Но один заказ перебивается другим. В самом конце марта Рахманинов в гостях у Московского Художественного театра. Приехал и Александр Блок с художником Добужинским. Станиславский собрался ставить драму поэта «Роза и Крест». Хотел, чтобы музыку к спектаклю написал Рахманинов.
Весной композитор пытался осесть в Ивановке. Похозяйничать, настроиться для сочинительства. Но вместо отдыха — одни тревоги. В Москве жена свалилась с воспалением лёгких. Следом — пришли боли в руке у него самого.
Андерсеновские сюжеты отступили. Теперь просьба к Re простая: подобрать стихотворения для возможных романсов. Врачи посылают его в Ессентуки. Она тоже собирается побывать на Минеральных Водах, проездом…

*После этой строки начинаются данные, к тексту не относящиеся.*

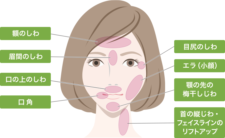 ボトックス注射は、筋肉を緩める作用があるボツリヌストキシン(ボトックス)を注射することで、筋肉の収縮を抑え、表情じわを改善する治療です。お顔の表情筋に注射すると、額や目尻、口まわりにしわがよるのを防ぐことができます。しわ以外にも局所的に筋力を抑えることで、お顔のえらにボトックスを注射しての小顔効果や、首への注射で縦じわの改善、フェイスラインのリフトアップの効果があります。また、発汗を抑制する作用もあるため、多汗症の症状も改善します。
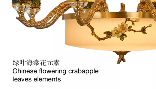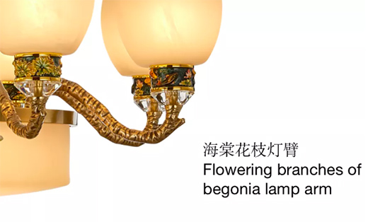融入海棠花元素,燈飾整體造型獨特,采用寫實工藝刻畫枝葉花瓣,栩栩如生
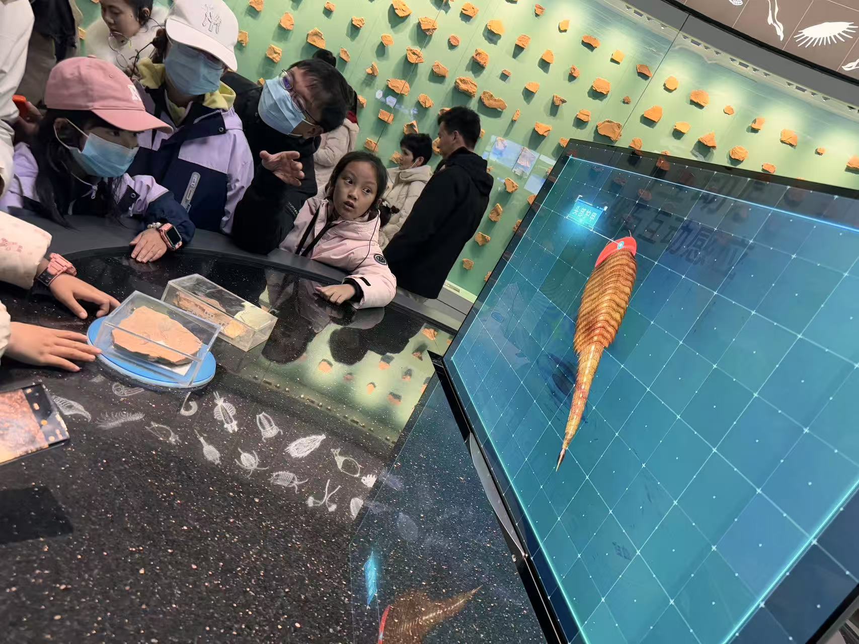 混在小朋友中一起“扫描”化石》》》》
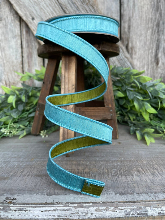 3/4” Light Blue Green Ribbon, Farrisilk ribbon, wired ribbon
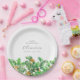 Perfect table decor for a December birthday party. Holly is the birth flower for that month. It forms a pretty watercolor bottom border on this festive personalised round paper plate. The birthday celebrant's name, age and birthdate are placed above it using elegant calligraphy and typography. All text is editable.
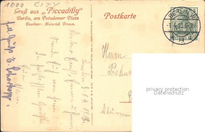 41790048 alte Postkarte BERLIN CITY Piccadilly postalisch gelaufen Erhaltung siehe scans KatCode: 11110011000000
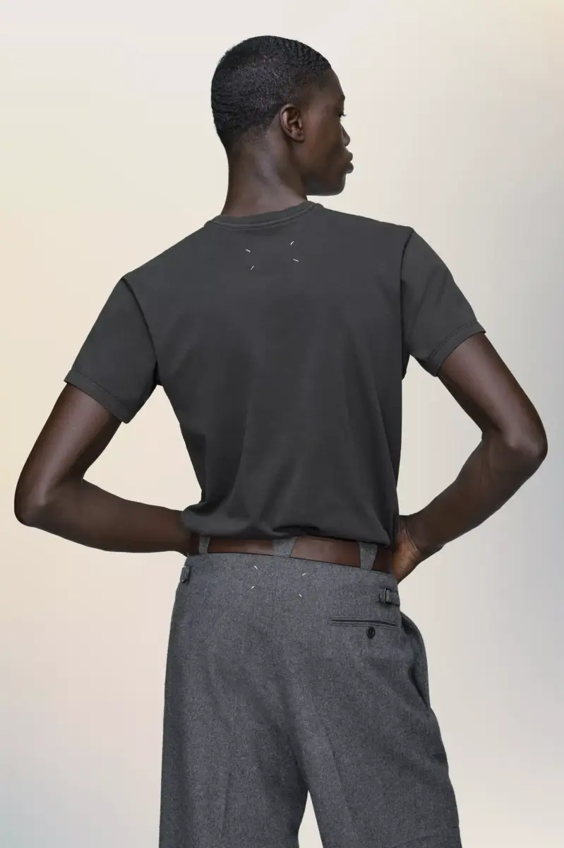 Confeccionada en jersey de algodón, esta camiseta de cuello redondo combina la sencillez con un toque característico. El pecho lleva estampado el gráfico «Maison Margiela — I’m a fan», que reinterpreta sutilmente el logotipo de la camiseta. Las cuatro puntadas de Maison Margiela aparecen en la espalda; lo opuesto a una etiqueta.
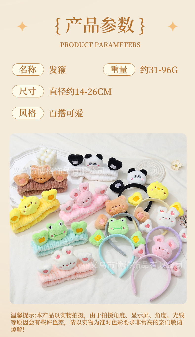 2023 celebridad estilo de dibujos animados lindo conejo oso Rana pato cara lavado maquillaje pelo banda diadema
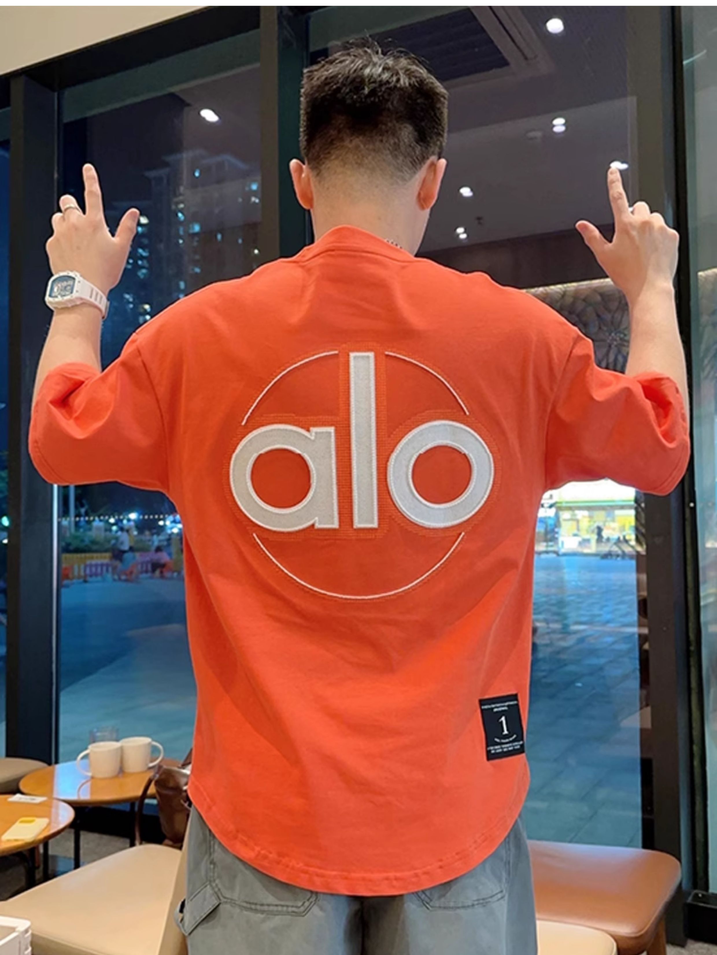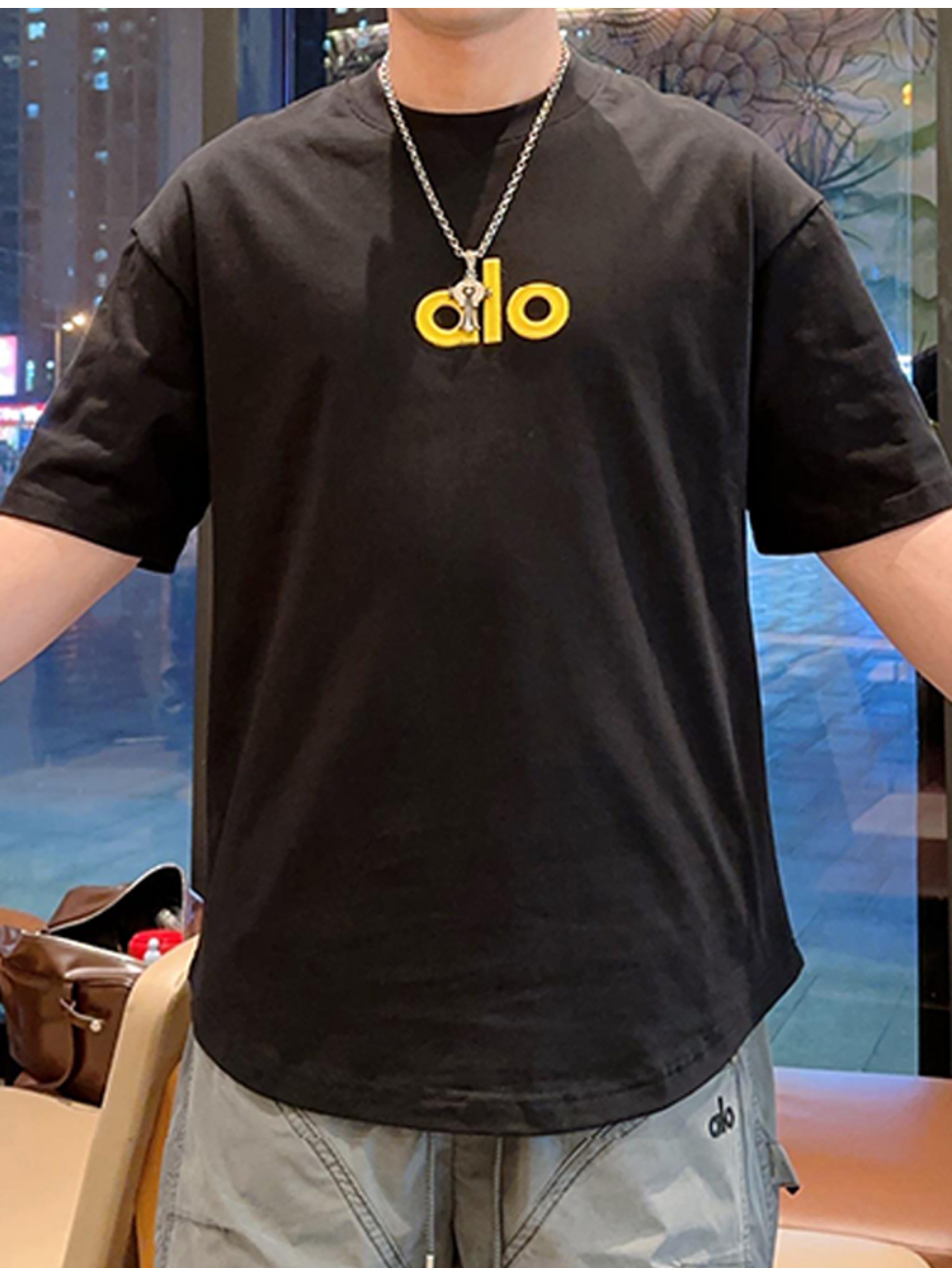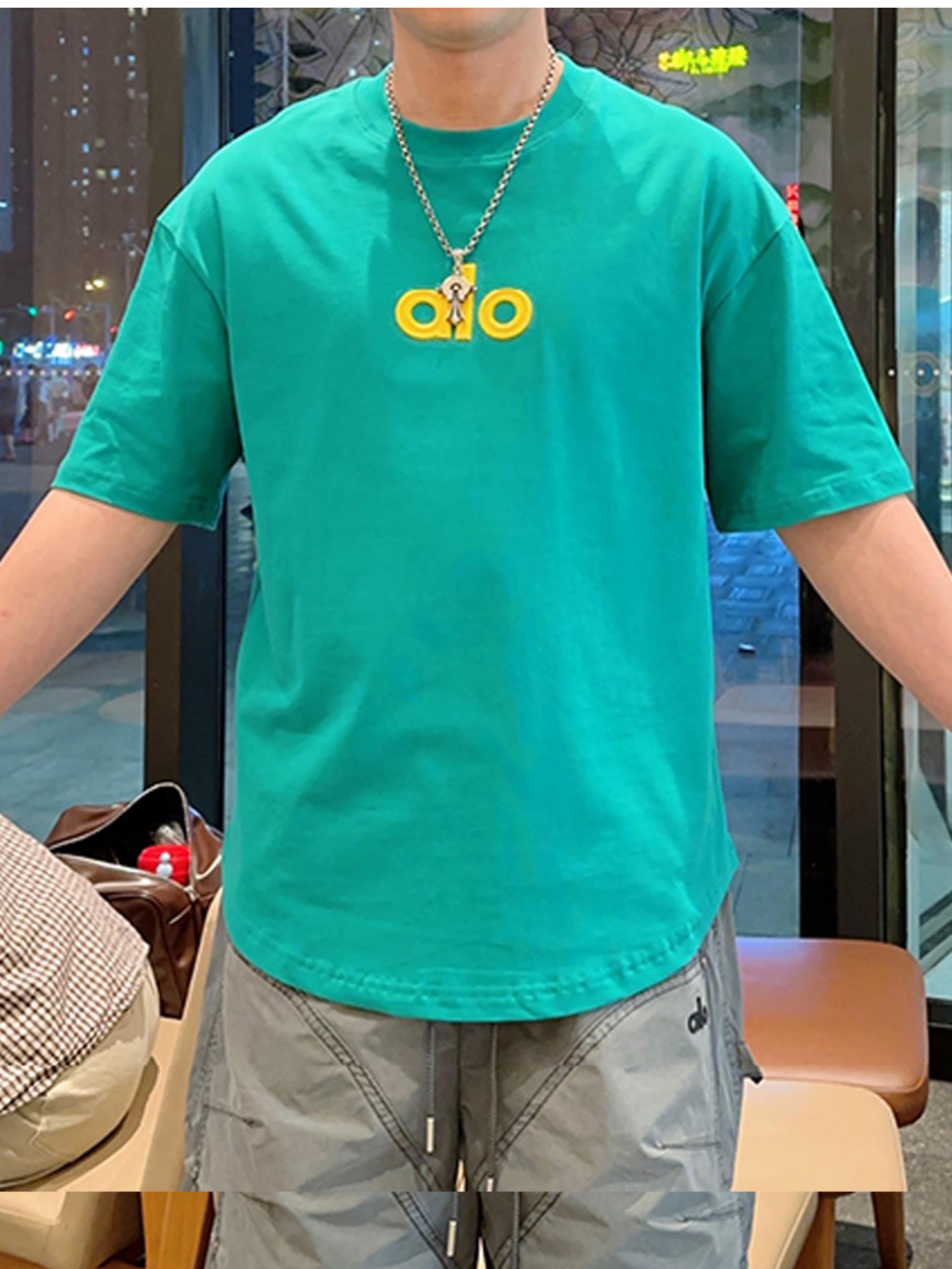 2025春夏新款圆领短袖男刺绣字母美式T恤男潮流时尚百搭上衣男款

Тот день Re запомнился разрозненными штрихами: парк с сыроватыми пустынными улочками, толпы ревматиков и тех, кто страдал ожирением. Жилище Рахманинова: две роскошные комнаты (одна — с роялем), тишина в коридоре, услужливый лакей во фраке и белых перчатках. Хозяин санатория лез из кожи, дабы угодить знаменитости. Сам Сергей Васильевич встретил её в сером пиджачке. В лице — скорбь, глаза слезились. Re уселась с ним на диванчик. В комнате с зашторенными окнами, в полной тишине — её не нарушало даже гудение мухи — она выслушала горестную исповедь. Да, он уже не способен к творчеству, уже и в Ивановке не может работать. А ведь молодым за день, почти походя, сочинял пьесу. Заговорил вдруг о своей отвратительной зависти к Метнеру, у того каждый день — творческий. «Он живёт, а я не живу, никогда не жил, — до сорока лет надеялся, а после сорока вспоминаю, вот в этом вся моя жизнь». Припомнил провал Первой симфонии. Ведь в ней уже было всё, что после, в других сочинениях, вызывало одобрение! Если молодой побег прищемить, то что за дерево из него вырастет?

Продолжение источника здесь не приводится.